Ministros y empresarios brasileños pidieron este lunes a Francia que invierta más en Brasil, en particular en infraestructuras, para permitir relanzar el crecimiento en la mayor economía de América Latina.

"Tenemos que reforzar nuestras relaciones con Francia y con la Unión Europea", dijo Robson Braga de Andrade, el presidente de la Confederación Nacional de la Industria de Brasil durante un foro económico Francia-Brasil organizado en París por el Medef, la principal patronal francesa.

Un total de 877 empresas francesas 38 ellas de CAC 40, el principal índice de la bolsa de París están implantadas el Brasil, el primer destino de las inversiones galas en América Latina.

Entre el 2013 y el 2015, el comercio entre ambos países cayó 32%, lamentó Braga de Andrade.

"Francia representa menos del 2% de nuestro comercio (...) y Brasil menos del 1% del comercio francés" indicó por su parte Marcos Pereira, el ministro brasileño de Industria, Comercio Exterior y Servicios.

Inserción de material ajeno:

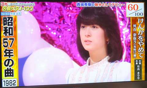 2025年7月21日夜、テレビ東京で「歌謡曲に輝く100曲 3秒聴けば全曲分かる」という番組があり、妻と一緒に見ていると、「けんかをやめて」を歌う河合奈保子さんの映像が紹介されました。新聞のテレビ欄にも、「昭和アイドル大集合」として、河合奈保子さんが印刷されており、ファンとしては感激でした。ーーーーー↓ 河合奈保子さん(17歳)。↓ 「河合奈保子さん」の氏名が2025年7月21日・テレビ東京 テレビ欄に印刷!↓ 2025年7月21日 朝日新聞。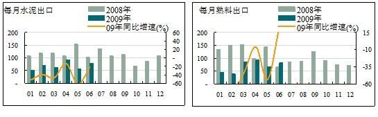 6月份熟料出口量為81.37萬噸,較5月份環(huán)比增加了14.84萬噸,同比增速23.38%;累計(jì)出口量同比增速較5月份提升近7個(gè)百分點(diǎn),為-44.9%;平均離岸價(jià)為38.41美元/噸,基本與5月份持平,較2008年同期增長(zhǎng)4.67美元/噸。

Pereira afirmó que a pesar de la histórica recesión que vive Brasil y de la profunda crisis política provocada por la destitución de Dilma Rousseff, la economía muestra signos de recuperación y destacó en particular las medidas del gobierno para eliminar la burocracia.

Para el 2016, el Fondo Monetario Internacional (FMI) prevé un caída del PIB brasileño del 3.3% pero augura un crecimiento del 0.5% en el 2017.

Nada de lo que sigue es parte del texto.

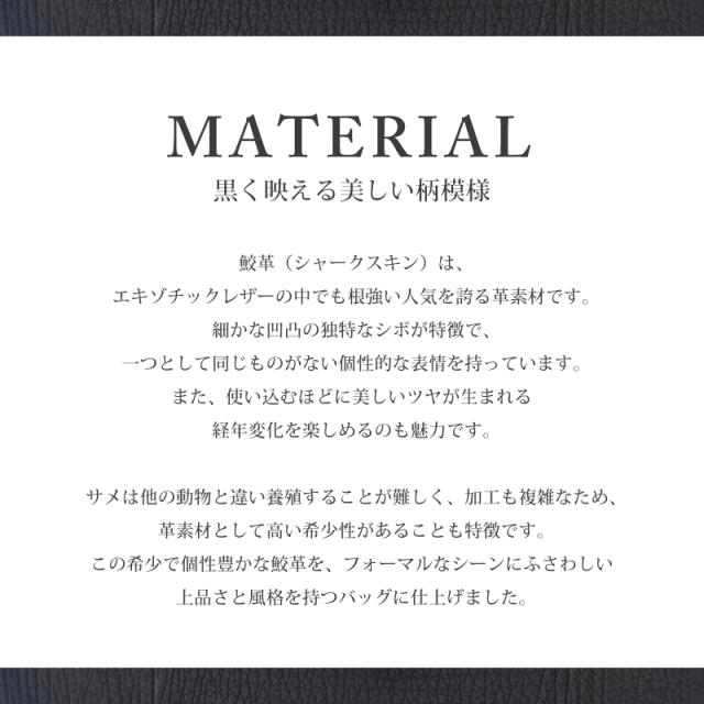 人生の大切な節目に寄り添う、本格フォーマルバッグ。 冠婚葬祭、そして入学式や卒業式といった人生の晴れやかなセレモニーに。 あらゆるフォーマルなイベントに最適な一品です。 流行に左右されないシンプルなデザインは、和装・洋装を問わず装いに確かな品格を添えます。 耐久性・耐水性にも優れ、使うほどに艶が増すシャークスキンは、まさに「一生もの」として、長く使えるバッグです。 【水揚げから創り上げる、純国産シャークスキン】 日本近海の太平洋で捕獲され気仙沼港で水揚げされた「吉切鮫/ヨシキリザメ(Blue shark)」を日本の特殊な鞣し技術と、経験による高度な技で仕上げた純国産の最高級シャークスキンです。 【MATERIAL 黒く映える美しい柄模様】 鮫革(シャークスキン)は、 エキゾチックレザーの中でも根強い人気を誇る革素材です。 細かな凹凸の独特なシボが特徴で、一つとして同じものがない個性的な表情を持っています。 また、使い込むほどに美しいツヤが生まれる経年変化を楽しめるのも魅力です。 サメは他の動物と違い養殖することが難しく、加工も複雑なため、革素材として高い希少性があることも特徴です。 この希少で個性豊かな鮫革を、フォーマルなシーンにふさわしい上品さと風格を持つバッグに仕上げました。 【シーンに合わせて表情を変える、2wayデザイン】 シルバーの留め具は回転でき、簡単に切り替えができます。一つのバッグで、多様なフォーマルシーンに対応できます。 【シーンに寄り添う、大人のフォーマルスタイル】 お祝いの席や華やかなパーティーでは、留め具をシルバーにすることで、輝きが装いを一層引き立てます。 弔事の際は、ブラックニッケルのシンプルなデザインで、奥ゆかしい漆黒の佇まいを保ち、厳粛な雰囲気に寄り添います。 【メイドインジャパンの証、信頼のJRAタグ。】 JRAマークが証明する、本物の美しさ。 このバッグに付いているJRAマークは、ワシントン条約に基づき正規に輸入されたものを使用し、日本国内で製造された高品質な製品であることの証です。 このマークがあることで、安心と信頼の「ジャパンブランド」であることを示しています。 【ヨシキリザメの生産量日本一 気仙沼産SHARK SKIN(鮫革)】 気仙沼では全国で食用ヨシキリザメの漁獲量一位を誇っております。 大型の品種よりもキメが細やかで、柄模様の美しさに特徴があります。 水揚げ後、身はフカヒレをはじめとする加工食品やサプリメントへ、残った皮は財布やバッグなどの革小物へと無駄なく利用されています。 【フォーマルシーンに選ばれる理由】 サメ革は耐久性と耐水性に優れ、筋繊維が緻密でしなやかなため、傷がつきにくく長くご愛用いただけます。 また、「海水の塩で清められている」という理由から、仏事などの弔事を含めた冠婚葬祭のフォーマルシーンで、品格を保つ素材として古くから重用されてきました。 【バッグ内側】 必要な時にサッと取り出せる整理上手な多機能ポケット。 ファスナーポケット1ヵ所…貴重品やアクセサリーなどに。 フリーポケット2ヵ所…スマホやハンカチなどの収納に。 ワイドポケット1ヵ所…数珠や招待状などの収納に。 バッグの内側にはきめ細かく起毛した、柔らかな生地を採用しました。 数珠やアクセサリー、スマホなど、大切な小物に傷がつかないよう、安心して収納していただけます。 【バッグ外側】 背面には便利なファスナーポケットが1ヵ所。すぐに取り出したい物をスマートに収納できます。 底面には四隅に底鋲付き。大切なバッグ本体の革の擦れや傷を軽減し、美しい状態を長く保ちます。 【カジュアルな装いにも合わせやすい】 フォーマルなシーンはもちろん、日常のきれいめスタイルにも自然に馴染む、ハンドバッグ。 品の良さを保ちつつ、かしこまりすぎないシンプルなフォルムとデザインは、オフィスやお食事会などにも最適。 |

"Brasil es un país que realmente necesita infraestructuras", dijo Mauricio Quintella, ministro de Transportes, Puertos y Aviación Civil.

Aunque reconoció que existen "problemas" en la atribución de concesiones, Quintella aseguró que se han hecho esfuerzos, sobre todo en la publicación de concursos públicos.

Por otra parte el ministro afirmó que el acuerdo de libre comercio entre la Unión Europea y el Mercosur (Argentina, Brasil, Paraguay, Uruguay y Venezuela), cuyas negociaciones se reanudaron a principios de este año, permitirá, si finalmente se aprueba, reducir considerablemente los derechos aduaneros entre las dos zonas, que actualmente representan 4,000 millones de dólares anuales.

"Nuestro país apoya estas negociaciones", dijo el secretario de Estado francés de Comercio Exterior, Matthias Fekl, aunque subrayó que Francia seguía "atenta" a algunos puntos relativos a la industria textil, los servicios o la agricultura.